Symbols as parameters?

Alf P. Steinbach alfps at start.no
Thu Jan 21 03:30:40 EST 2010


* Martin Drautzburg:
> Hello all,
> 
> When passing parameters to a function, you sometimes need a paramter
> which can only assume certain values, e.g.
> 
>         def move (direction):
>                 ...
> If direction can only be "up", "down", "left" or "right", you can solve
> this by passing strings, but this is not quite to the point:
> 
>         - you could pass invalid strings easily
>         - you need to quote thigs, which is a nuisance
>         - the parameter IS REALLY NOT A STRING, but a direction
> 
> Alternatively you could export such symbols, so when you "import *" you
> have them available in the caller's namespace.

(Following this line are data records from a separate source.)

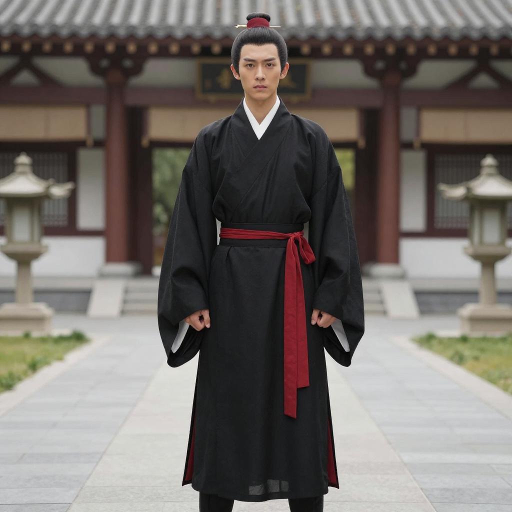 A young man dressed in traditional Asian attire stands confidently in a historic courtyard with classical architecture in the background. His black robe accented with a red sash highlights the tasteful and authentic costume work, reflecting a cultural or period style.
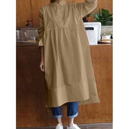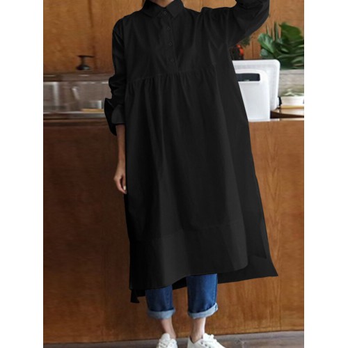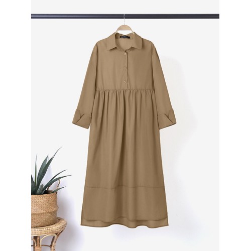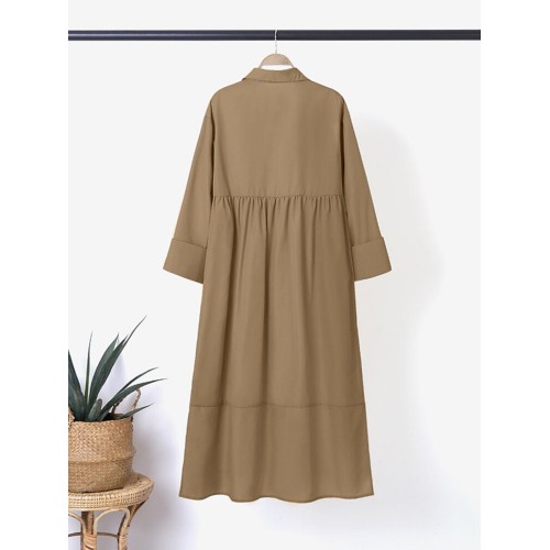 Women Shirt Long Sleeve Collared Calf Length Front Buttons Midi Dresses
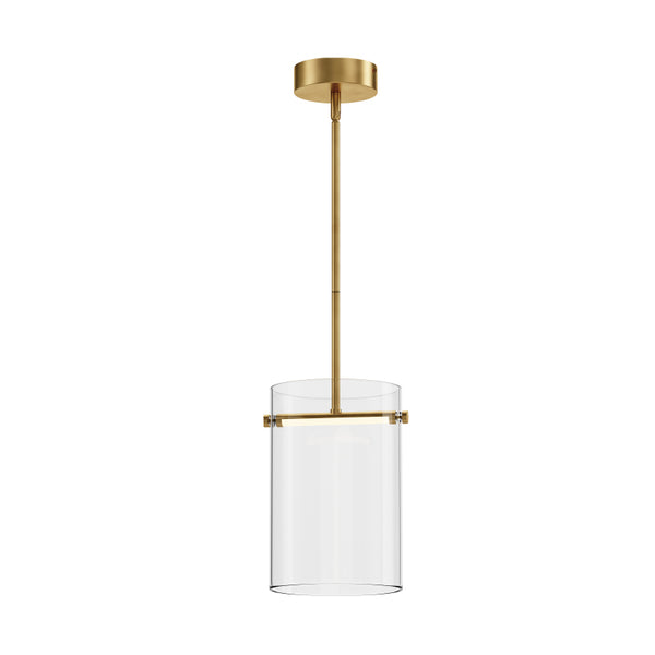Modern, Clear glass cylinders suspended by streamlined pole structures that brightly illuminate surfaces below with high powered integrated LED. Select from two finishes, Black or Gold, and two sizes of pendants, 9 or 12.5 inch diameters, as well as a coordinating wall sconce.
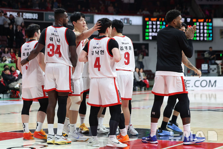 [안양=뉴시스] 김선웅 기자 = 7일 경기 안양시 정관장 아레나에서 열린 2025-2026 프로농구 안양 정관장 vs 서울 SK의 경기, 68-66로 승리를 거둔 서울 SK 선수들이 기뻐하고 있다. 2025.11.07. [email protected]
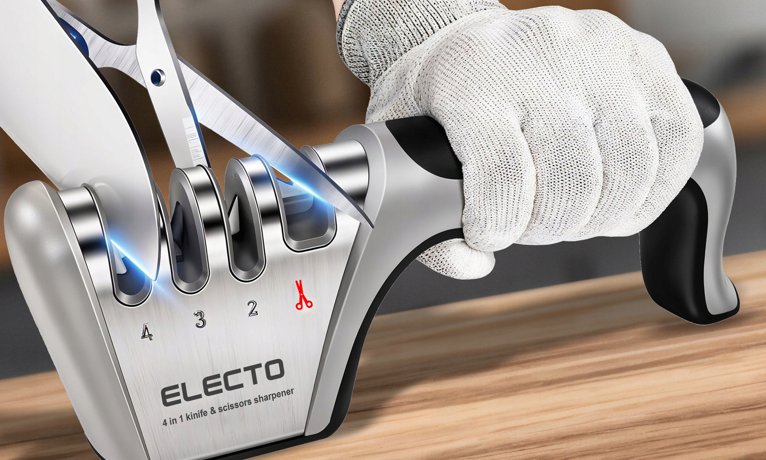 - Точилка Electo 4в1 создана для того, чтобы каждый - независимо от доминирующей руки - мог безопасно и комфортно затачивать ножи и ножницы.
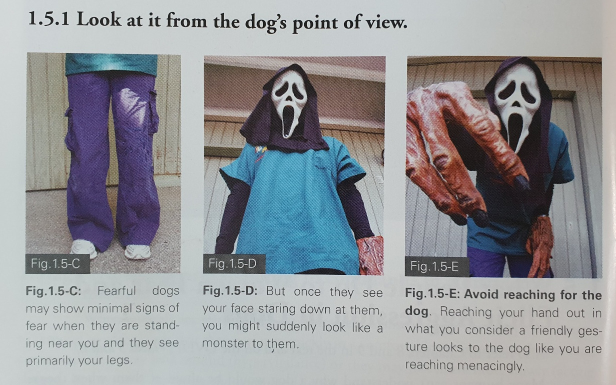 미국의 동물행동학자이자 수의사인 소피아 잉 (Sophia Yin)은 자신의 저서 ‘개와 고양이의 스트레스 최소화 핸들링, 보정, 행동 수정’ (Low stress Handling, restraint, behavior modification Dogs & Cats) 에서 두려운 개에게 사람이 어떻게 보이는지 사진과 같이 표현했습니다.
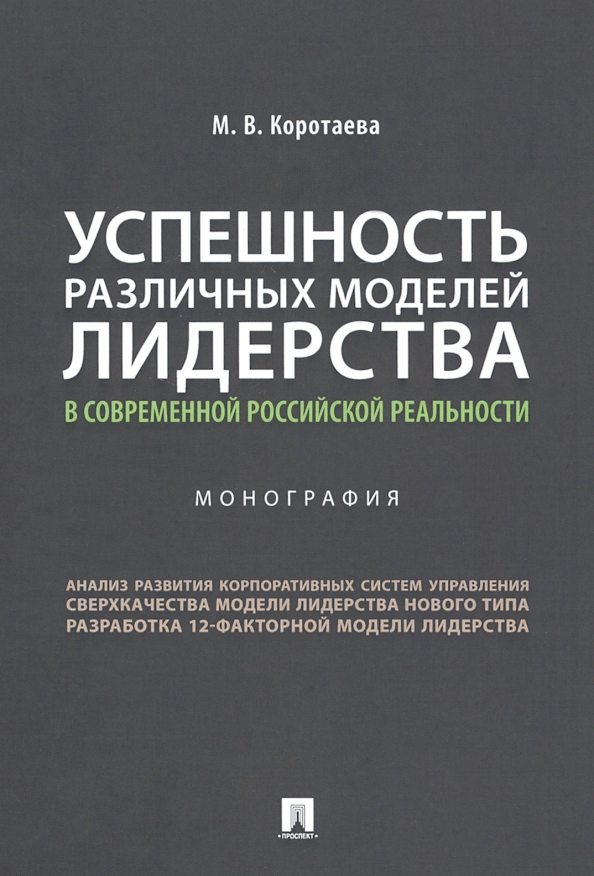 Аннотация: Успешность различных моделей лидерства в современной российской реальности. Монография
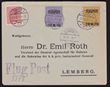 1918 Military Airmail flight cover franked Flugpost opt 1.50Kr/2Kr & 2.50Kr/3Kr, plus Karl 15h, tied by 'Lemberg 6 VI 18' cds (was in Poland, now Ukraine). To Vienna with 'Flugpost Wien 4 VI 18' arrival b/s. Mi 225xI & 226IA cat €139+. Scarce correct franking.
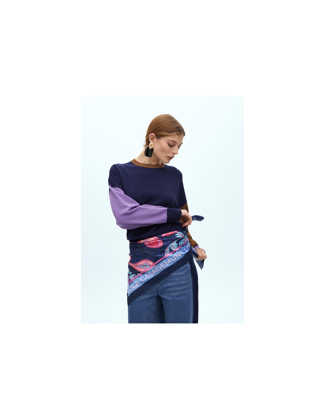 Este pañuelo estampado paisley de Lola Casademunt aporta color, elegancia y un aire bohemio chic a tu look. Su base azul marino se combina con paisleys en tonos coral, fucsia y turquesa, logrando un contraste vibrante y actual. El borde con el logotipo de la marca enmarca el diseño con un acabado sofisticado.
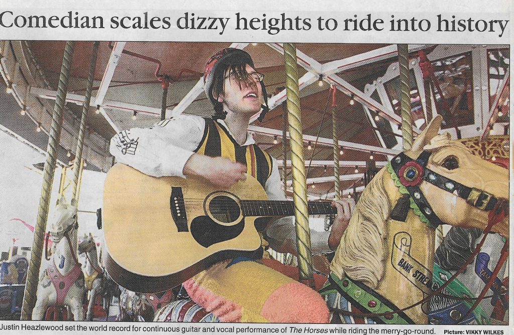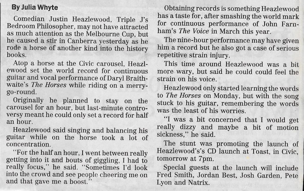 Canberra comedian Justin Heazlewood, (Triple J’s Bedroom Philosopher) will attempt to ride into the history books on Melbourne Cup Day, by setting the world record for continuous guitar and vocal performance of Daryl Braithwaite’s ‘The Horses’ while riding on a horse merry go round.
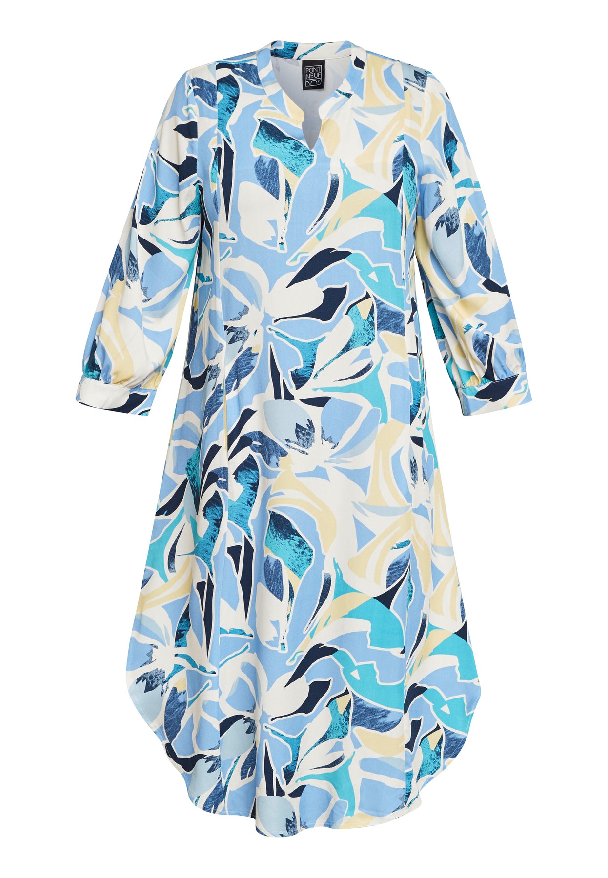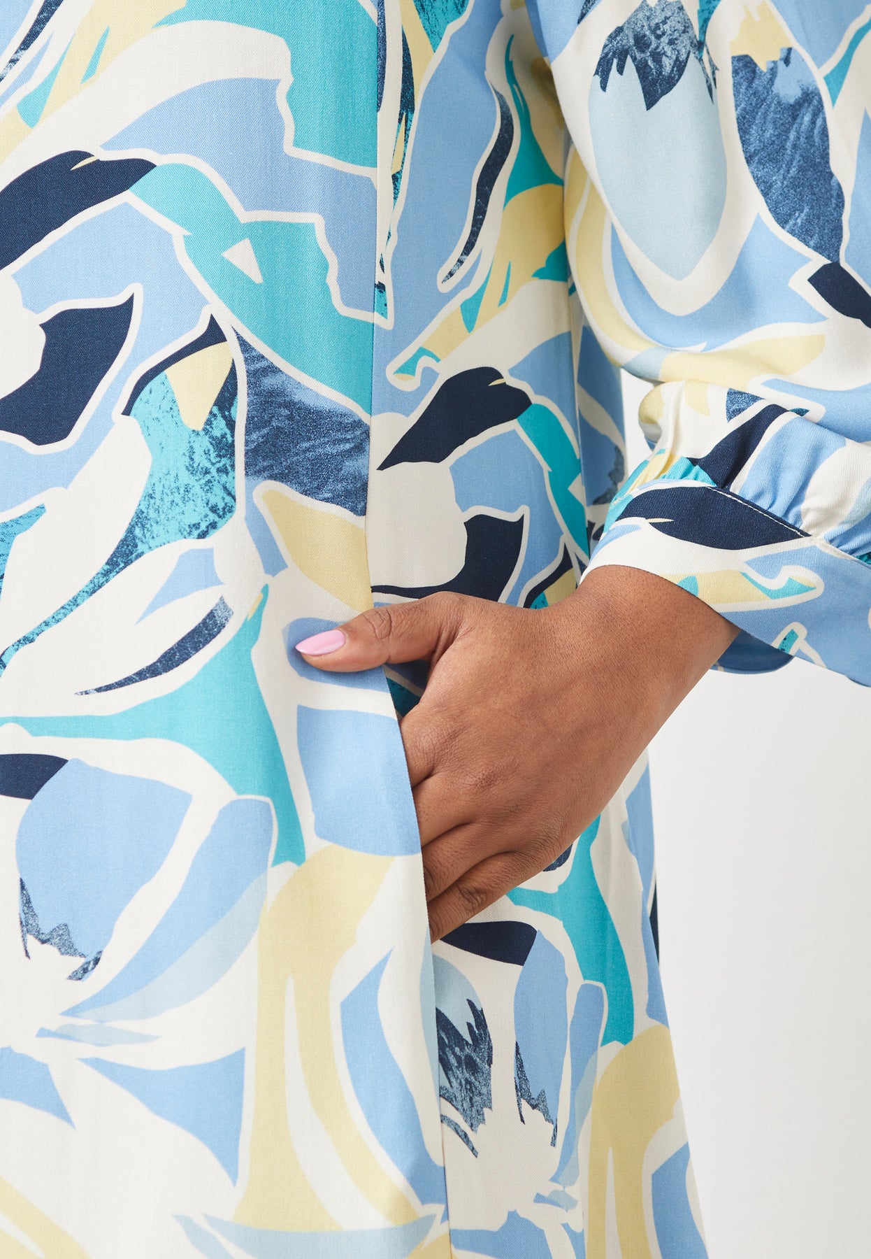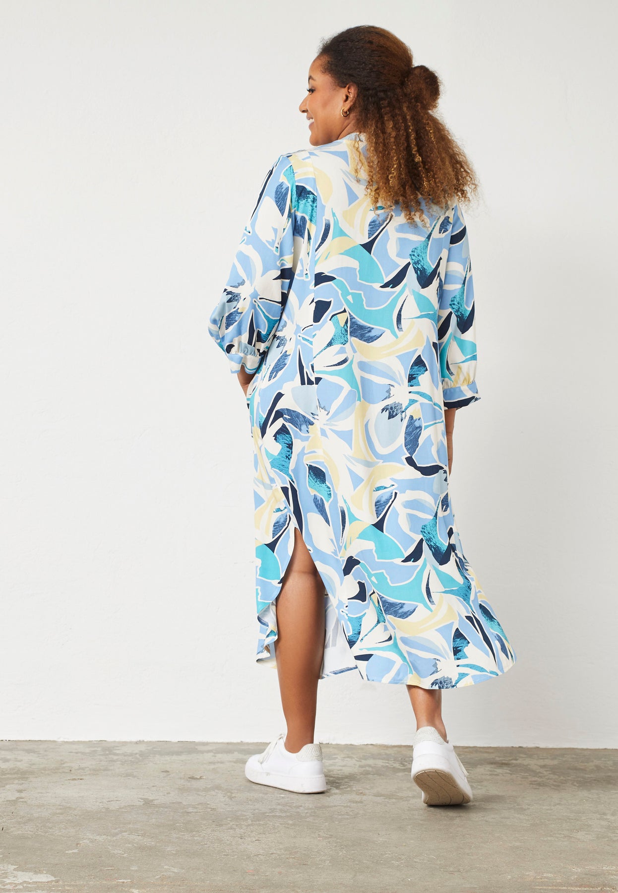 En smuk og luftig kjole med et iøjnefaldende mønster og en elegant, løs pasform. Kjolen er fremstillet i ren viskose, hvilket giver en let og åndbar fornemmelse, perfekt til varmere dage. Det lange A-formede snit sikrer et flot fald, mens skjortekraven og de diskrete knapper tilfører et klassisk udtryk. De lange ærmer med en løs silhuet understreger det afslappede, men stilfulde look.

But that forces you
> to "import *" which pollutes your namespace.
> 
> What I am really looking for is a way
> 
>         - to be able to call move(up)
>         - having the "up" symbol only in the context of the function call
> 
> So it should look something like this
> 
> ... magic, magic ...
> move(up)
> ... unmagic, unmagic ...
> print up
> 
> This should complain that "up" is not defined during the "print" call,
> but not when move() is called. And of course there should be as little
> magic as possible.
> 
> Any way to achieve this?

 >>> def move( direction ):
...   print( "move " + str( direction ) )
...
 >>> move( "up" )
move up
 >>>
 >>> class using_directions:
...     up = 42
...     move( up )
...
move 42
 >>> up
Traceback (most recent call last):
   File "<stdin>", line 1, in <module>
NameError: name 'up' is not defined
 >>> _


Of course it's an abuse of the language. :-)

So I wouldn't recommend it, but it's perhaps worth having seen it.


Cheers & hth.,

- Alf

PS: I hope this was not a homework question.